-- Study material --
- - -

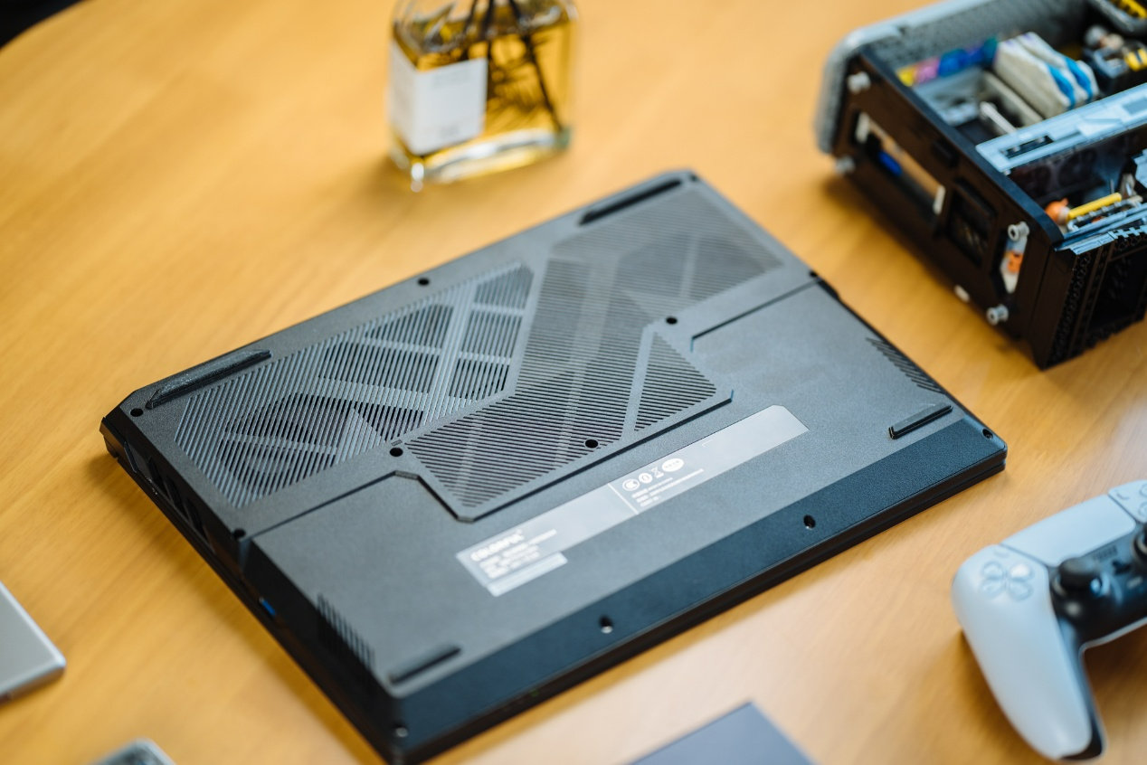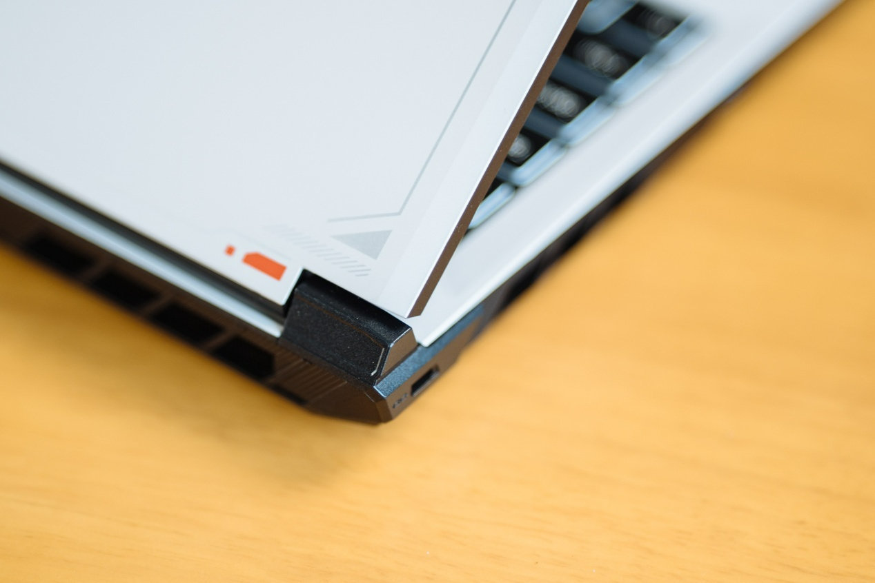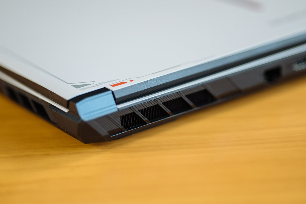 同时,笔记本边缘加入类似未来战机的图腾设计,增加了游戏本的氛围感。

- - -

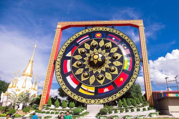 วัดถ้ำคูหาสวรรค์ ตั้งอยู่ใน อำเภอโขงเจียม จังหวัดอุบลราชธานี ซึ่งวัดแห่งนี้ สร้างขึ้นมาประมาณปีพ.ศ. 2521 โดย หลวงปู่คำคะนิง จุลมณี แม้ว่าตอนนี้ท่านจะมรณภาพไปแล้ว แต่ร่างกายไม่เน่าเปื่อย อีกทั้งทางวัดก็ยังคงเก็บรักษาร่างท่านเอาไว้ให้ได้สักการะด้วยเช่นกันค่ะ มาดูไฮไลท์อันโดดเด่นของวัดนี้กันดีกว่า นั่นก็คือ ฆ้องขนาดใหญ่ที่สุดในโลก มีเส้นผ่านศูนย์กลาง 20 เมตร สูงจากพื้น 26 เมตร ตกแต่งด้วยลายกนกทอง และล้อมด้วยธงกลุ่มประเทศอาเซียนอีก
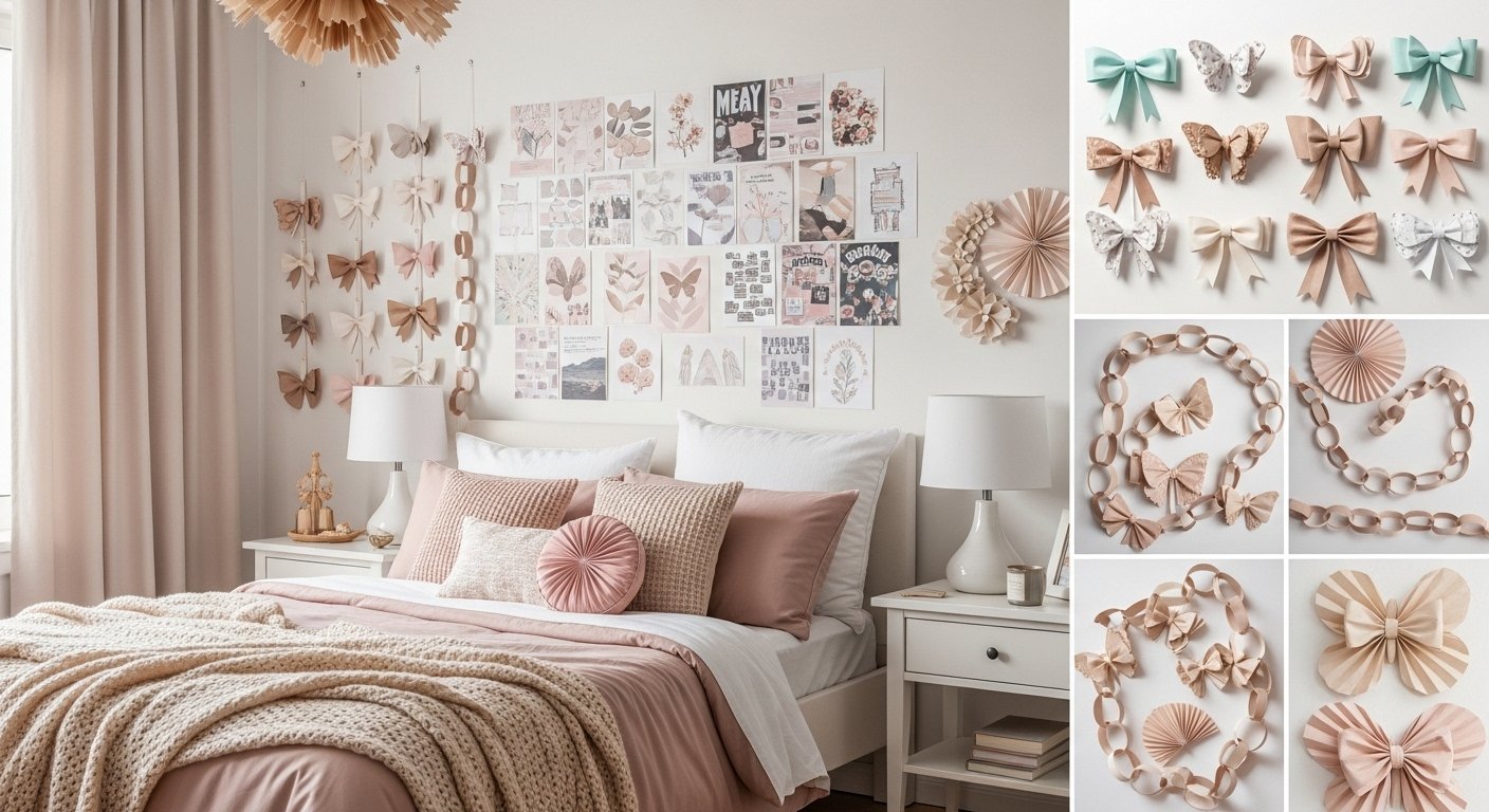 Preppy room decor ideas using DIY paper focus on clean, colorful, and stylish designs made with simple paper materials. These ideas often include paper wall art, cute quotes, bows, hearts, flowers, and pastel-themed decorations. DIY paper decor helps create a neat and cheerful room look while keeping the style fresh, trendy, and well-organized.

- - -

-- Directions --
Starting at the line above with "วัดถ้ำคูหาสวรรค์ ตั้งอยู่ใน อำเภอโขงเจียม", output every line exactly up to and including the line with "Preppy room decor", but none of the pictures.

-- Reply to the task --
 วัดถ้ำคูหาสวรรค์ ตั้งอยู่ใน อำเภอโขงเจียม จังหวัดอุบลราชธานี ซึ่งวัดแห่งนี้ สร้างขึ้นมาประมาณปีพ.ศ. 2521 โดย หลวงปู่คำคะนิง จุลมณี แม้ว่าตอนนี้ท่านจะมรณภาพไปแล้ว แต่ร่างกายไม่เน่าเปื่อย อีกทั้งทางวัดก็ยังคงเก็บรักษาร่างท่านเอาไว้ให้ได้สักการะด้วยเช่นกันค่ะ มาดูไฮไลท์อันโดดเด่นของวัดนี้กันดีกว่า นั่นก็คือ ฆ้องขนาดใหญ่ที่สุดในโลก มีเส้นผ่านศูนย์กลาง 20 เมตร สูงจากพื้น 26 เมตร ตกแต่งด้วยลายกนกทอง และล้อมด้วยธงกลุ่มประเทศอาเซียนอีก
 Preppy room decor ideas using DIY paper focus on clean, colorful, and stylish designs made with simple paper materials. These ideas often include paper wall art, cute quotes, bows, hearts, flowers, and pastel-themed decorations. DIY paper decor helps create a neat and cheerful room look while keeping the style fresh, trendy, and well-organized.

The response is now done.